From the Editor

By | Dec 05, 2011

Nearly three years ago, I met a 90-year-old woman from Cleveland named Eva Rosenberg who told me her story—and that of her late husband Milton Rosenberg. In 1950, one month after Julius Rosenberg was arrested for spying for the Soviet Union, Eva’s husband and his colleague, Sidney Rosenberg—neither of whom were communists or had any association with Julius Rosenberg—were both dismissed from their engineering jobs at the U.S. Army Signal Corps at Fort Monmouth, New Jersey. These were innocent men—with the wrong name at the wrong time in the wrong place—who had to fight to redeem their reputations—and their jobs. They eventually got their positions back, but neither spoke publicly about what had happened. Eva Rosenberg remains afraid—even after all these years—that bringing this story to light might lead the federal government to revoke her insurance and pension.

I was struck by what she told me. Much has been written about the McCarthy era, but little has been published about the civilian technicians, engineers and scientists who were dismissed at Fort Monmouth before then. I also couldn’t help but notice the location. You see, my father was a physicist at a Signal Corps lab at Fort Monmouth. The federal investigations into a potential communist infiltration there took place almost in my backyard—albeit before I was born. No one had ever mentioned the investigations that had significantly affected our local Jewish community: not my parents, my teachers or our rabbi. Even as a teenager, I had never really connected the dots between what I learned in history class to the labs where my father worked.

As I researched this story, I stumbled on myriad personal connections. I learned that the Rosenberg families’ pediatrician was also mine. I found that I had gone to high school with children who shared the same last name of the informant who had brought Milton and Sidney Rosenberg to the attention of the FBI. And when I mentioned to my father that I was working on a story about innocent Rosenbergs, he—for the first time—told me that he knew a number of the men and women who had been targeted. He had been afraid to draw attention to himself because, like Julius Rosenberg, he had attended City College, studied physics and was Jewish. To make it worse, his father—my grandfather—was a socialist.

That led me to ask my mother—an active member of our temple’s Sisterhood and Hadassah who eventually became the executive director of the Monmouth County Jewish Community Center—what she knew. She explained that some of our neighbors from Asbury Park had been forced to testify before McCarthy’s Senate subcommittee, and that she had been friendly with their wives and their attorneys.

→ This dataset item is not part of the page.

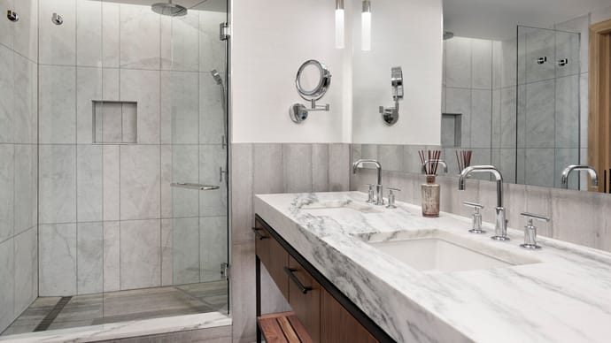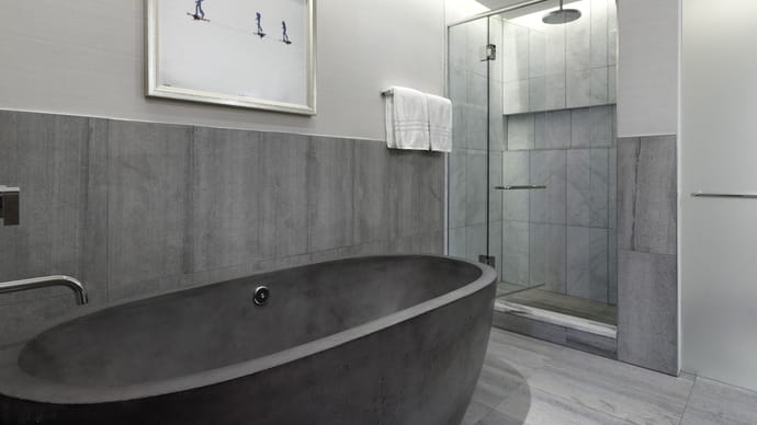 Комфортабельный просторный номер выполнен в серых тонах, отделка деревом и натуральным камнем. В номере зона отдыха, газовый камин. Балкон или терраса в большинстве номеров. Ванная комната с двойной раковиной, ванной и отдельной душевой кабиной.

Only after reading FBI files and other documents and interviewing people who lived through this period, have I come to understand why I heard nothing about these investigations growing up: The intensity of the fear and shame that they inspired, coupled with an overwhelming urge to leave this terrible moment in history behind, was too strong. Certainly, my years working on this story have left me with a deeper understanding of the political and social currents underlying my childhood.

Beyond the personal, this story provides a detailed look at what life was like for the Jews who worked for the Signal Corps, a history that is still unfolding but is in danger of being forgotten. On a historical level, it provides a different prism through which to view a sordid episode in 20th-century American history.